– 10-
Наблюдать за тем, как Тамара провожает мужа на работу – зрелище презабавное. Меня даже задевает то, как этот солидный, умный и дальновидный человек попадается на все ее «крючки». Я тешу себя надеждой на то, что он все видит в реальном свете, просто делает скидку на ее молодость и недостаток ума.
Тамара редко встает в такую рань. Но сегодня она, по-видимому, изображает декабристку, которая провожает мужа в Сибирь и собирается следовать за ним. Она бледная и усталая прямо с утра. Семен Михайлович тоже выглядит не лучшим образом – в его возрасте, наверное, бессонные ночи не способствуют цвету лица. Он явно нервничает и это заметно мне, но, кажется незаметно Тамаре.
Они стоят на веранде и она, в накинутом на плечи пальто, прижимается к его груди. Она что-то активно говорит ему, кивая головой, так, как будто провожает его на фронт. Я думаю, что он опаздывает, но не решается отнять ее от себя. Они целуются долго, и я начинаю замечать, насколько в этой сцене Семен Михайлович – не на своем месте. Поцелуи молодой пары на лавочке я воспринимаю абсолютно нормально – мне в голову не придет обвинять их в чем-то, это их дело и ПРАВО! Так и Семен Михайлович имеет право быть сильным, жестким, центральной фигурой во всем!

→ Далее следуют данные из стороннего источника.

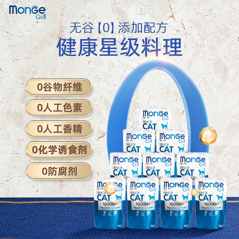 monge梦吉老猫专用马鲛鱼主食餐包 乳蛋白易消化鲜肉湿猫粮85g*12
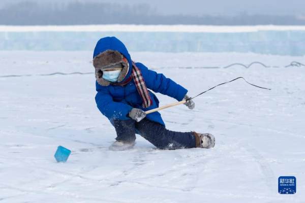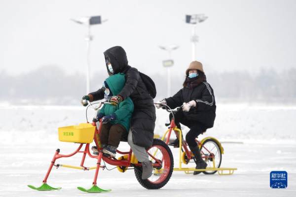 12月30日,在松花江哈尔滨段江面上,游客在体验冰上娱乐项目。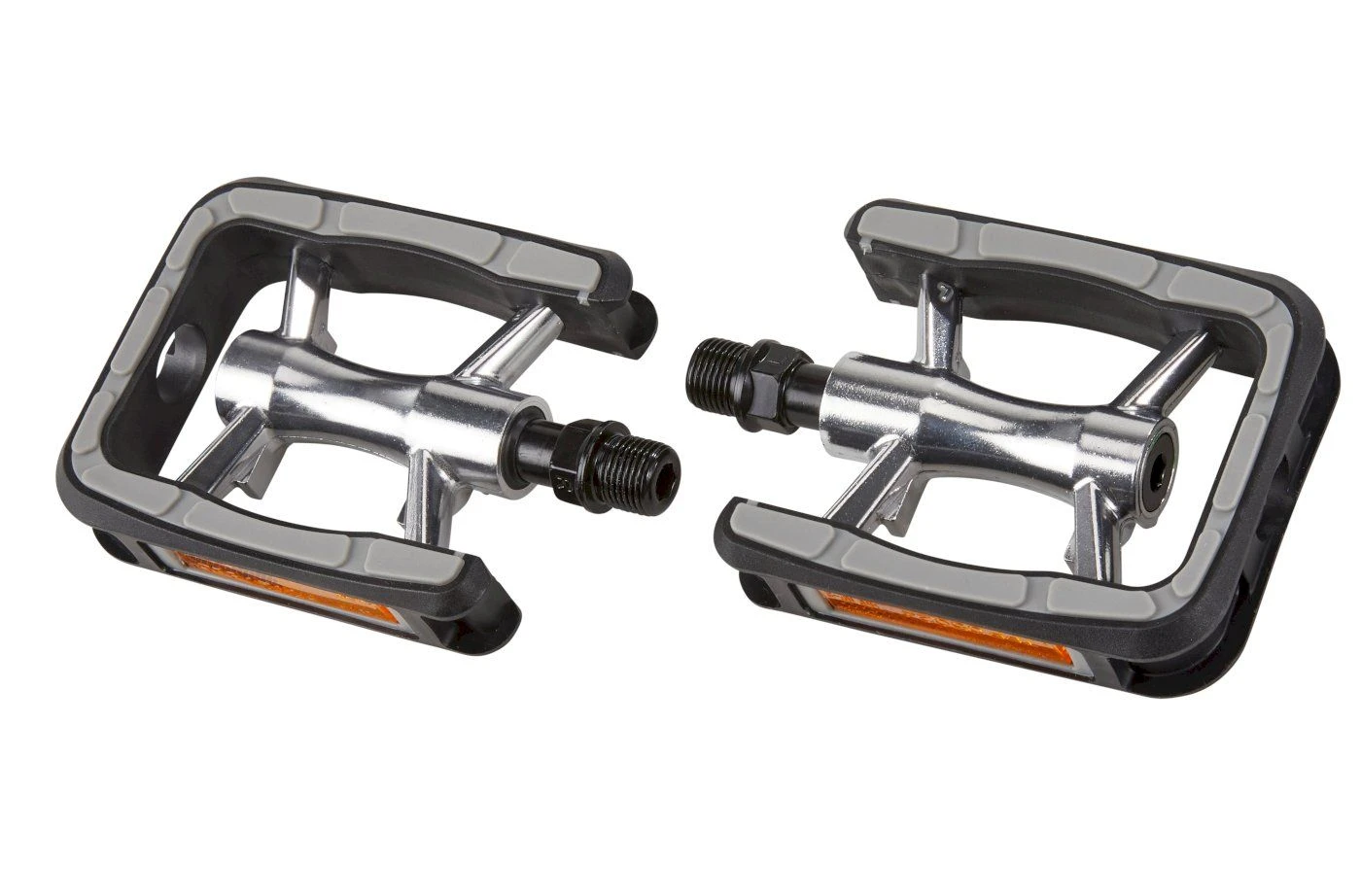 Hochwertige Trekking Pedale der Firma Matrix mit Reflektoren, einem Pedalkörper aus Aluminium und einer CNC gefertigte Cr-Mo Achse. Sie ist leicht und mit gummierten Trittfläche, die für einen sicheren Halt sorgt.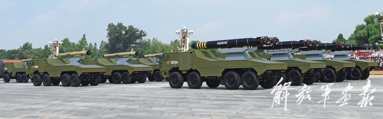 远程火炮方队接受检阅。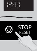 | The word "LOCK" appears in the display. | The CHILD SAFETY LOCK was activated by pressing Start three times; Deactivate CHILD SAFETY LOCK by pressing Stop/Reset three times. |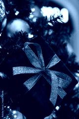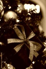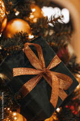 Velvet dark green wrapped present and Christmas surprise gift box with a golden shiny ribbon hanging on the Christmas tree.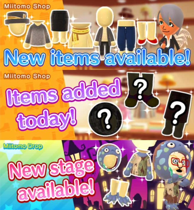 Miitomo – new Miitomo Drop stage, items, daily items (10/13/16)

Я стараюсь не смотреть на них, но поневоле отмечаю, что Тамара выглядит прекрасно – в сценах с поцелуями она как рыба в воде, каждое движение уместно. И еще я понимаю, что в таких ситуациях, наверное, не нужно слов. Наблюдая за ними сквозь стекло, я понимаю, что совсем неважно, что в этот момент говорит Тамара. Она – прекрасна! Хоть и немного фальшива.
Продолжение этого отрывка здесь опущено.